II. Twin Peaks Model in Practice

5. The AFS, which came into force on January 1, 2007, provides the legal framework for the supervisory authorities under the twin peaks. The AFS is supplemented by various Royal and Ministerial Decrees. Under this law, DNB is vested with the power to issue rules and policy guidelines that mainly concern the interpretation of the law. The structure introduced by the AFS does, however, provide for a larger role for the Ministry of Finance (MoF) than in most comparable systems. For example, both DNB and the AFM have relatively limited rule-making authority of their own, since most regulation is either directly contained in the AFS itself or in Decrees that are the responsibility of the MoF.
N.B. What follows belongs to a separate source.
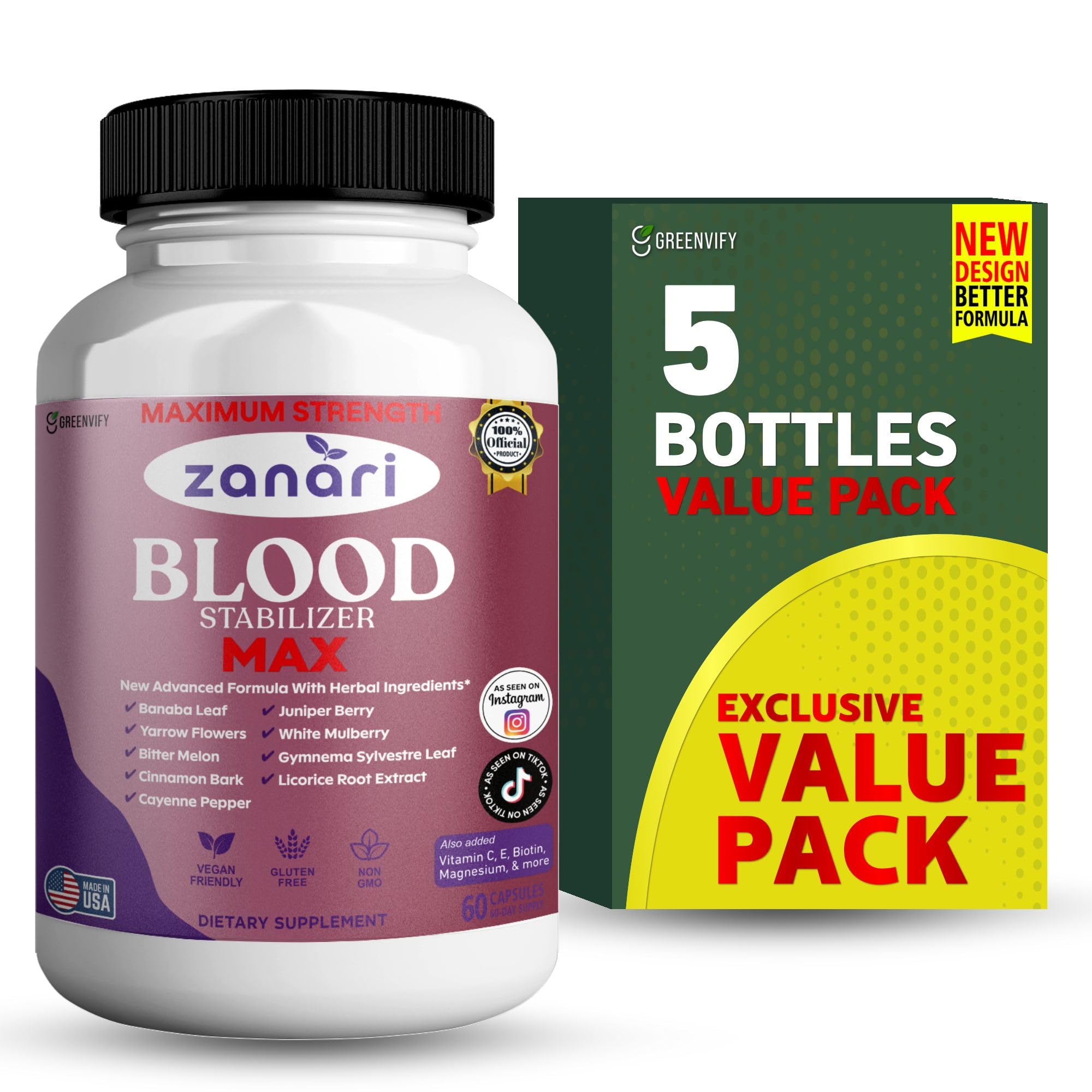 GREENVIFY Zanafi Blood Stabilizer Max 60 Veggie Capsules Maximum Strength Herbal Supplement with Banaba Leaf Juniper Berry White Mulberry Vegan Friendly Gluten Free (5)

6. The establishment of a “Covenant” between DNB and the AFM has facilitated the implementation of the AFS. The “Covenant” set out a practical framework for division of responsibility and cooperation between them, which includes: (1) the designation of DNB as the lead agency with overall responsibilities for supervision (including licensing) for all financial institutions, and the designation of the AFM as the lead agency for securities firms; (2) an agreement that the lead supervisor would defer to the judgment of other supervisor; and (3) rules for consultation and information sharing.9

7. Consequently, the clarity of mandates and objectives for the supervisory authorities has been improved substantially. With an exception of a few isolated incidents, both DNB and the AFM appear to have a clear understanding of their respective roles and responsibilities under the “twin peaks” model, and in general cooperation and coordination between the two agencies seem to have functioned well in practice, including during the period of greatest financial stress during the crisis.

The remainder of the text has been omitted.